Review: Pat Garrett and Billy the Kid

[Originally published in Movietone News 23, May-June 1973]

Pat Garrett and Billy the Kid vies with The Ballad of Cable Hogue as Sam Peckinpah’s most personal film. Not that Ride the High Country, Major Dundee, The Wild Bunch, Straw Dogs, Junior Bonner, The Getaway, or even that compromised early project The Deadly Companions could have been made by any other man. But those films at least flirt with conventional notions of how movies are built, notions derived from viewing other men’s work. Pat Garrett and Billy the Kid is thoroughly perverse in conception and realization—and in its refusal (several people have remarked it independently) to get out of one’s skull the day after one has seen it, and the day after that. It is not my intention, here, to do much more than to record my astonishment, admiration, and awe, and (since it has been graced by a particularly contemptible, willfully misrepresentative review in the local evening paper) to urge anyone who cares for movies to see the picture at the earliest opportunity.
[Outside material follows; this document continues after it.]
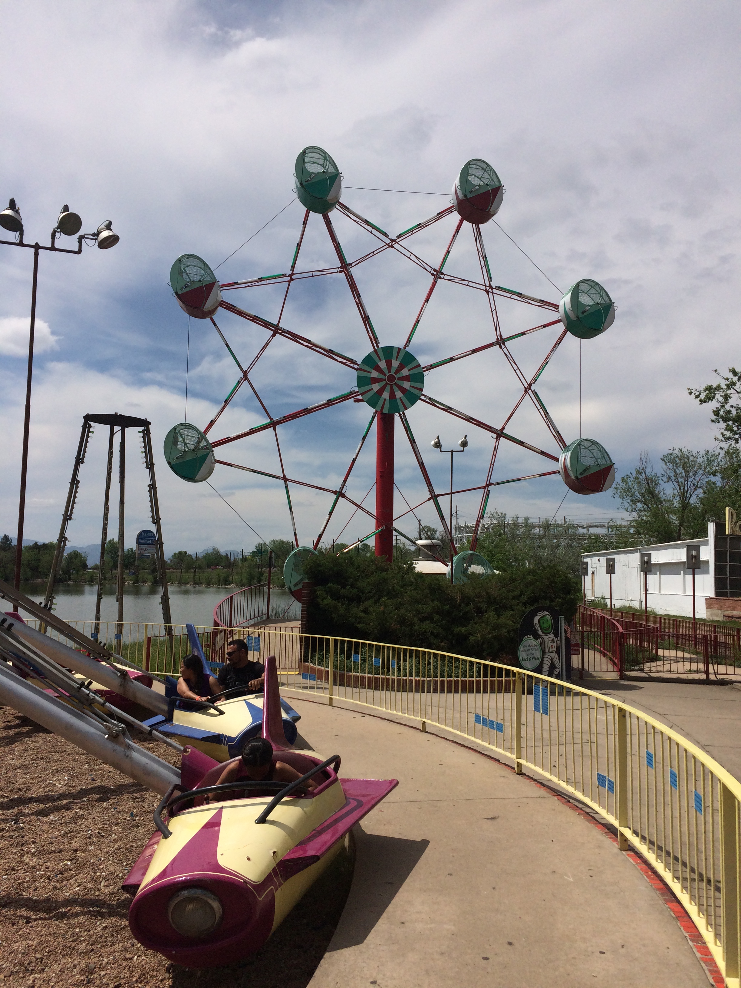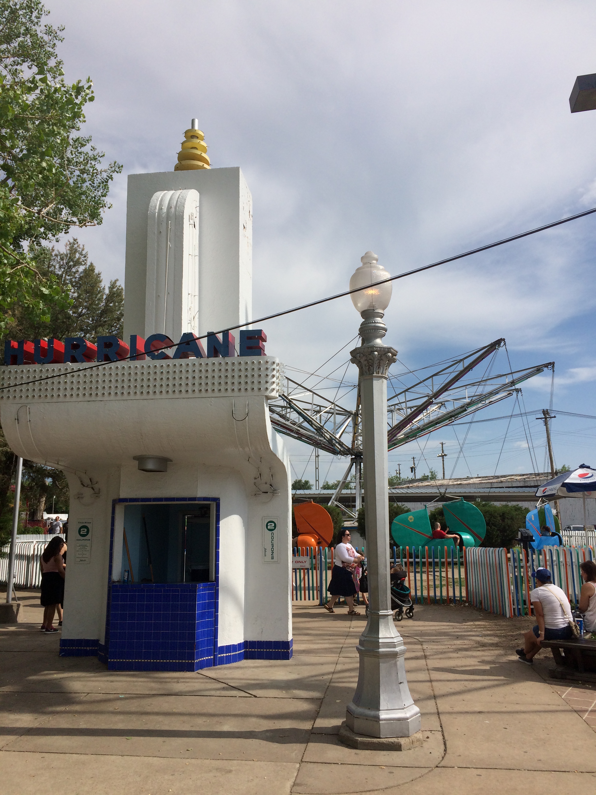 Unfortunately, the park went through some hard times as many parks did and one of those happened during the Temperance movement when the sale of alcohol was banned at a national level. Zang Brewery, from what I’ve heard was a better tasting alcohol than nearby Coors, chose to go into the ice cream business like Anheuser Busch did and Coors chose to go into the ceramics business to survive. The ice cream business may have been good for AB but it wasn’t good for Zang and they were forced to close up and sell their assets, including the park. Coors, on the other hand, survived and they still have and operate their ceramics division. A person by the name of Benjamin Krasner bought the park in the 1930’s and he hired Architect Richard L Crowther to renovate the park and give it the current Art Deco look it has today complete with lots of neon lighting. The Krasner family still owns the park to this very day.

M-G-M hasn’t so much released the film as set it outside the company vault and wait to see whether some passerby notices; it opened locally at two drive-ins and a plaza twin in Bellevue. Impatient moviegoers are warned: aside from the generally known fact that Sheriff Pat Garrett was somehow involved in the death of William H. Bonney, alias Billy the Kid, the viewer has nothing to go on but his faith in the eventual emergence of a narrative; characters appear, seem to be known to the other characters, are not pointedly introduced or given time to develop the sort of identity we normally expect from a motion picture inhabitant, and may in fact die before we’re clear on who they were or why they appeared in the first place (though often we learn much more about them later, from the effect their absence has). Violence-baiters are also admonished: this is possibly Peckinpah’s bloodiest film, certainly the most carcass-strewn since The Wild Bunch; virtually every sequence is built around a killing, usually more than one.